**Your instructions:**
Write out the data exactly as given, dropping every picture.

**Data supplied:**
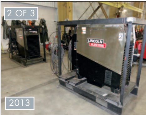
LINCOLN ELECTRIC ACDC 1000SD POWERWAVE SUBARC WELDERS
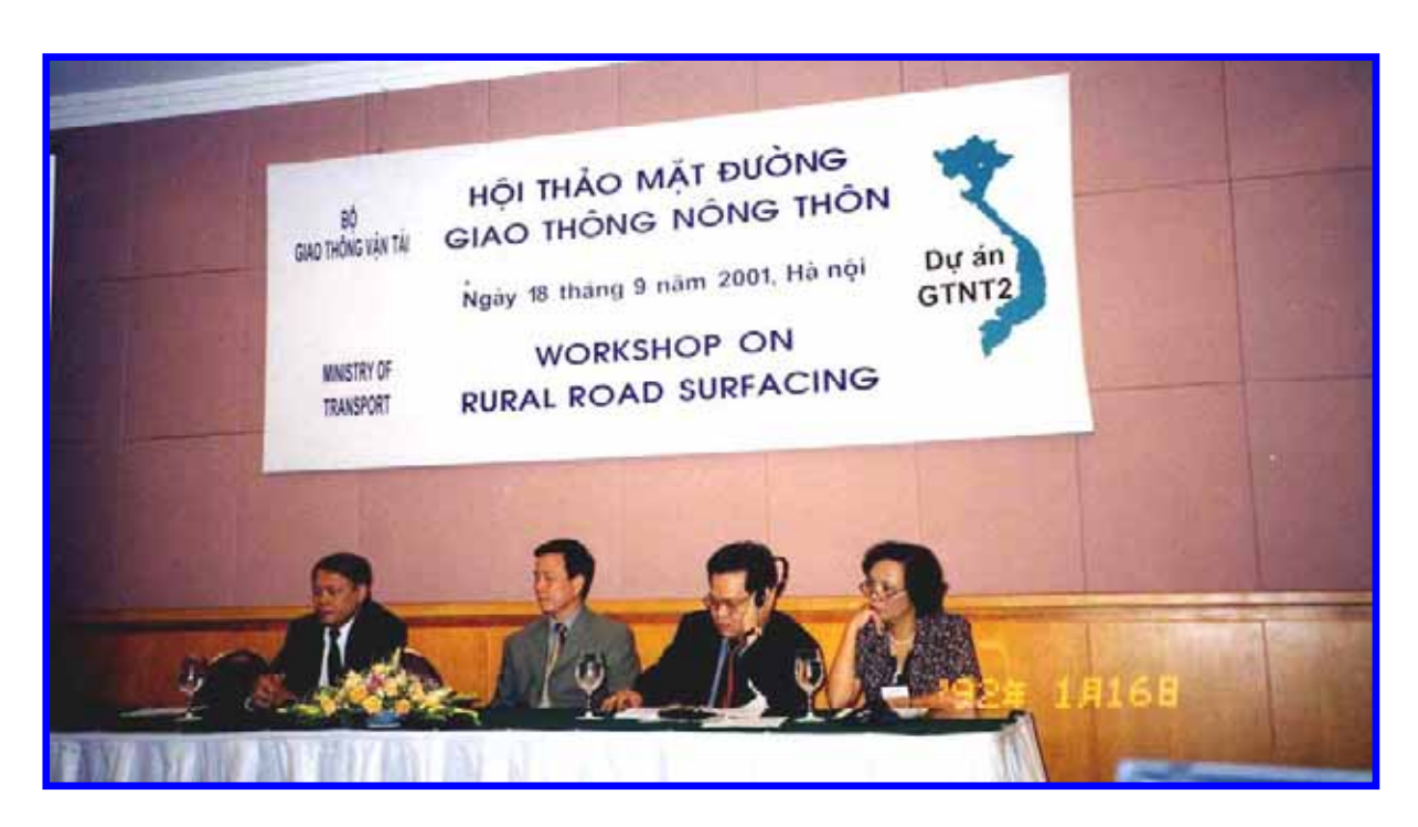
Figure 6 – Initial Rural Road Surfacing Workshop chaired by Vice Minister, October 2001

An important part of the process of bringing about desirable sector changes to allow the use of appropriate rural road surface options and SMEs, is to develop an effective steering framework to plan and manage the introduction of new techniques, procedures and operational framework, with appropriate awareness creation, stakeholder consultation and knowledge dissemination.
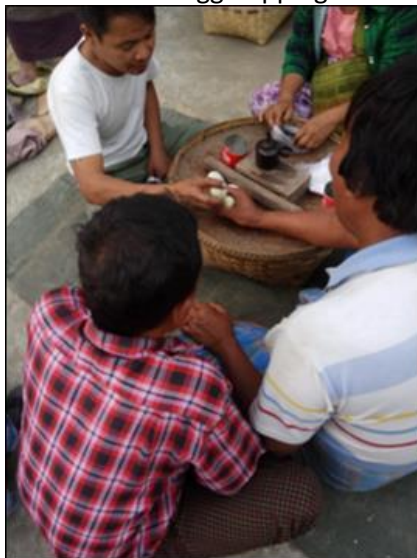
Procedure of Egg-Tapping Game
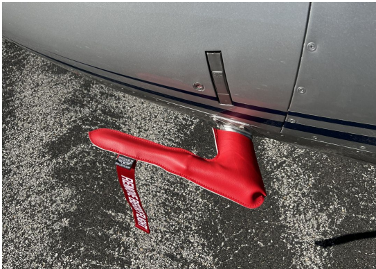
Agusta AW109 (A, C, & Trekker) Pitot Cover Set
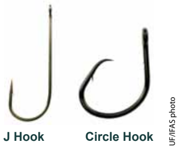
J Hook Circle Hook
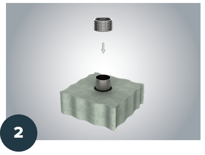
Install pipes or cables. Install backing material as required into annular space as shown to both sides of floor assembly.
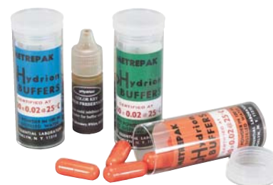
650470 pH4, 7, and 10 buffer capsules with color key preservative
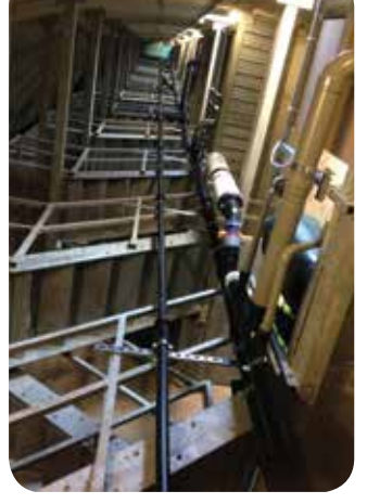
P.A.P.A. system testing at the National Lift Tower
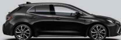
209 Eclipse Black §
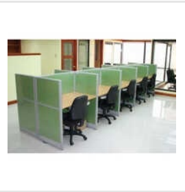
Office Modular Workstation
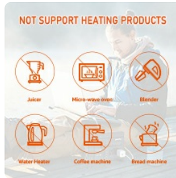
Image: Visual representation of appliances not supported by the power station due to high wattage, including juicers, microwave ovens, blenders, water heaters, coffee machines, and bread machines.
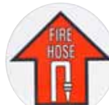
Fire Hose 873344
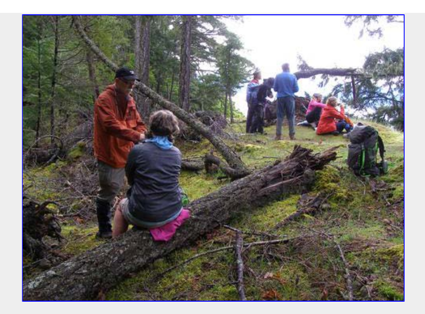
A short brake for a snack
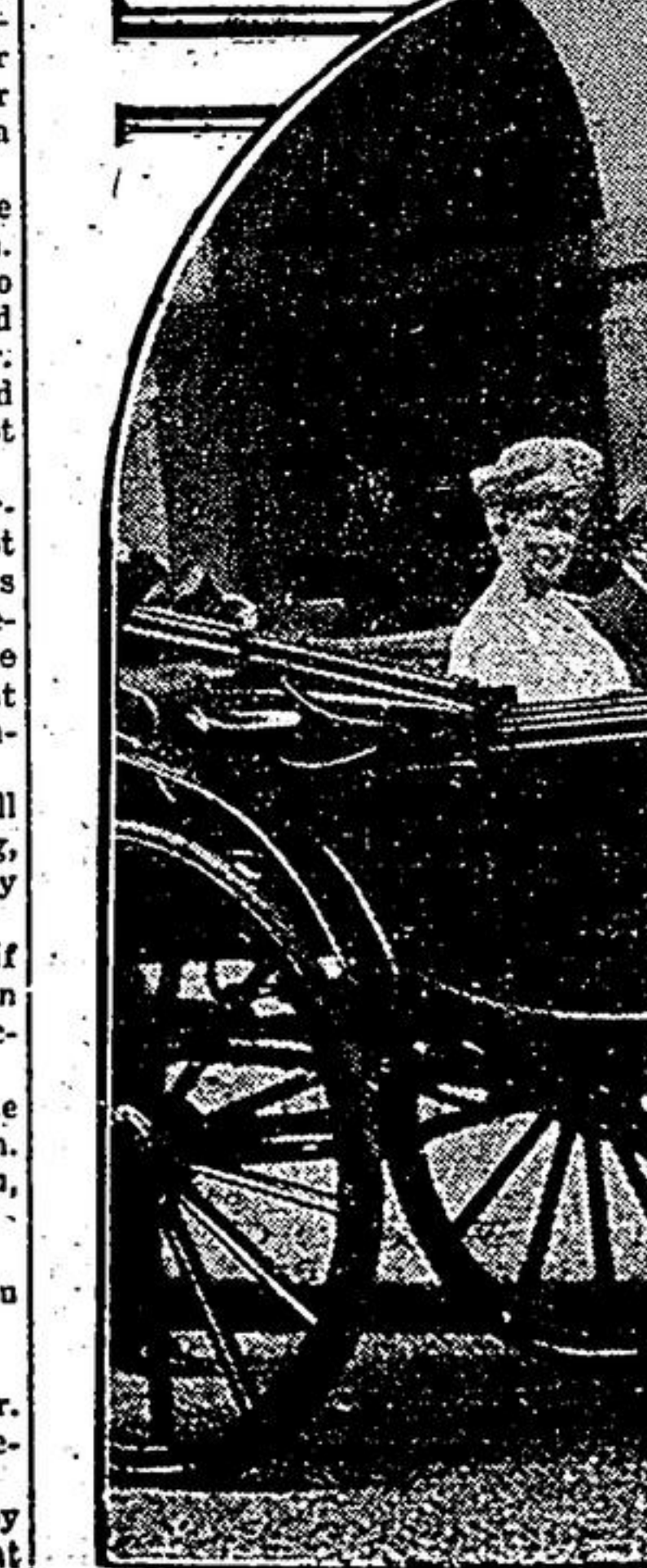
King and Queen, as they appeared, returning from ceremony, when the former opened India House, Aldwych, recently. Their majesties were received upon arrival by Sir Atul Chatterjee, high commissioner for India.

**Answer below:**
LINCOLN ELECTRIC ACDC 1000SD POWERWAVE SUBARC WELDERS
Figure 6 – Initial Rural Road Surfacing Workshop chaired by Vice Minister, October 2001

An important part of the process of bringing about desirable sector changes to allow the use of appropriate rural road surface options and SMEs, is to develop an effective steering framework to plan and manage the introduction of new techniques, procedures and operational framework, with appropriate awareness creation, stakeholder consultation and knowledge dissemination.
Procedure of Egg-Tapping Game
Agusta AW109 (A, C, & Trekker) Pitot Cover Set
J Hook Circle Hook
Install pipes or cables. Install backing material as required into annular space as shown to both sides of floor assembly.
650470 pH4, 7, and 10 buffer capsules with color key preservative
P.A.P.A. system testing at the National Lift Tower
209 Eclipse Black §
Office Modular Workstation
Image: Visual representation of appliances not supported by the power station due to high wattage, including juicers, microwave ovens, blenders, water heaters, coffee machines, and bread machines.
Fire Hose 873344
A short brake for a snack
King and Queen, as they appeared, returning from ceremony, when the former opened India House, Aldwych, recently. Their majesties were received upon arrival by Sir Atul Chatterjee, high commissioner for India.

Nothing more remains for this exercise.